The presentation is not to be a summary of the readings but instead an in depth engagement with

them. You will then gather additional comments about the presentation and reaction posts from

other class participants as a catalyst for further discussion. I will mark your presentation primarily

on your ability to critically engage with the readings (and your classmates’ reactions) and set the

stage for a quality and in depth discussion that uses the texts as the departure point for the

discussion. Details to follow.

HOW: One week in advance you must furnish me with a skeletal outline or facilitation plan,

including excerpts and page numbers from the readings, around which you will frame your

discussion. This means that you will have to have read the material at least 8 days in advance of

the date on which you are facilitating. The outline will count 5 points out of the total of 20. If you

do not submit one then you will lose the 5 points.
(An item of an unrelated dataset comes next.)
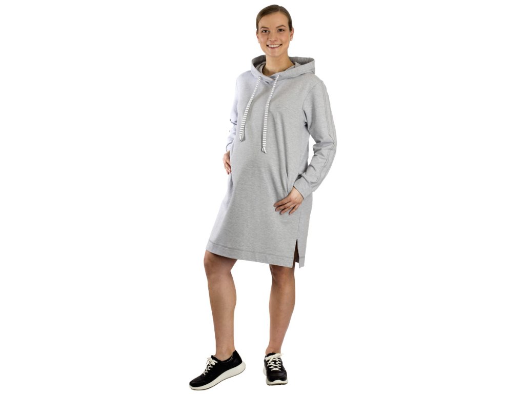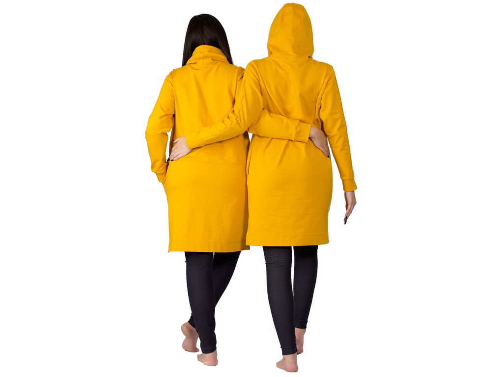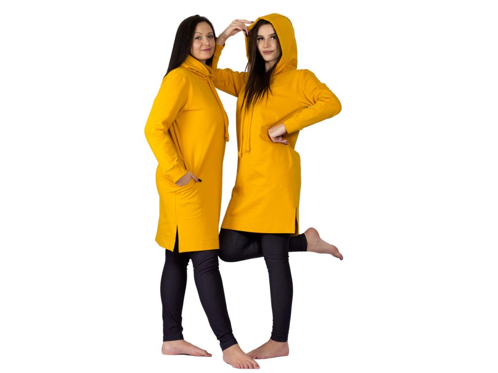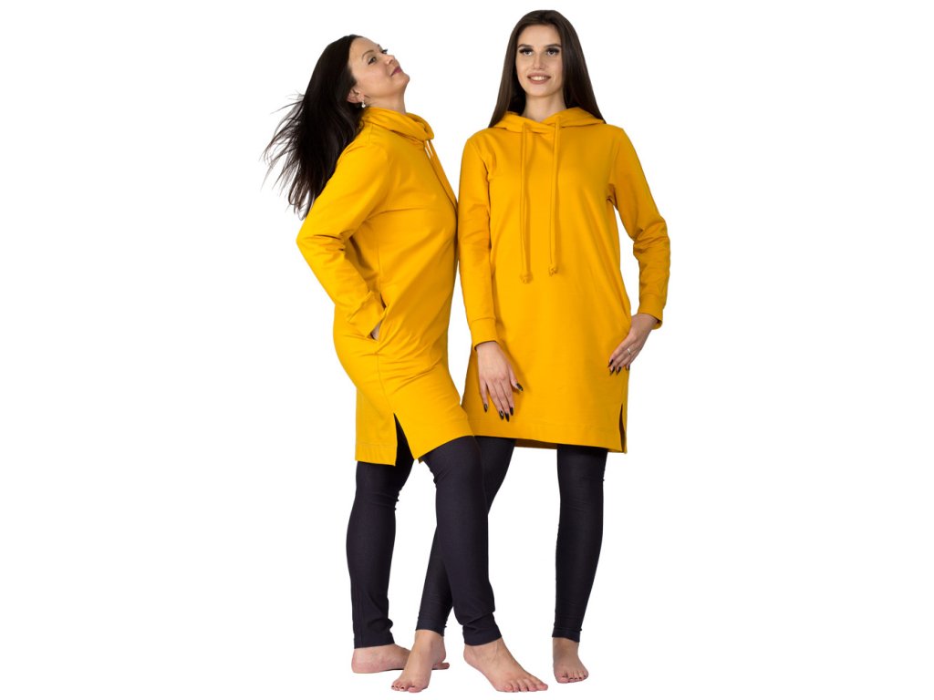 Pohodlné, nielen tehotenské mikinošaty športovo elegantného štýlu s kapucňou a priestrannými vreckami v bočných švoch. Na kapucni je ozdobne prešitý stredový diel. Na rukávoch sú ozdobne prešité ozdobné prúžky a sú ukončené manžetou. V spodnej časti bočných švov sú rázporky pre väčšiu voľnosť pohybu. Mikinošaty sú vyrobené z obľúbenej mäkkej bavlnenej teplákoviny horčicovej farby.

WHEN: You must sign up online in Week One. Sign up is on a first come first serve basis.

5. Participation : 5 points

This is not about who talks the most during seminars. I value quality (such as when students make

comments that stay close to the text) over quantity. I understand that some of you may be reluctant

to talk during class, particularly early on in the course. Feel free to come to my virtual office hours

and talk over any of the readings or your assignments. I consider this to be “engagement” with the

course and will take it into consideration when determining this part of your grade. Posting more

than the minimum amount of responses is another form of engagement. So too, is sharing

something on the discussion board which you think is relevant. This may take the form of a blog

post, a tweet, a newspaper article, a song, or a poem etc. You must briefly explain why you are

sharing it - “I’m sharing this song because it has a good beat” won’t quite suffice. I am happy to

talk with you at any point during the semester to give you my thoughts on your course engagement.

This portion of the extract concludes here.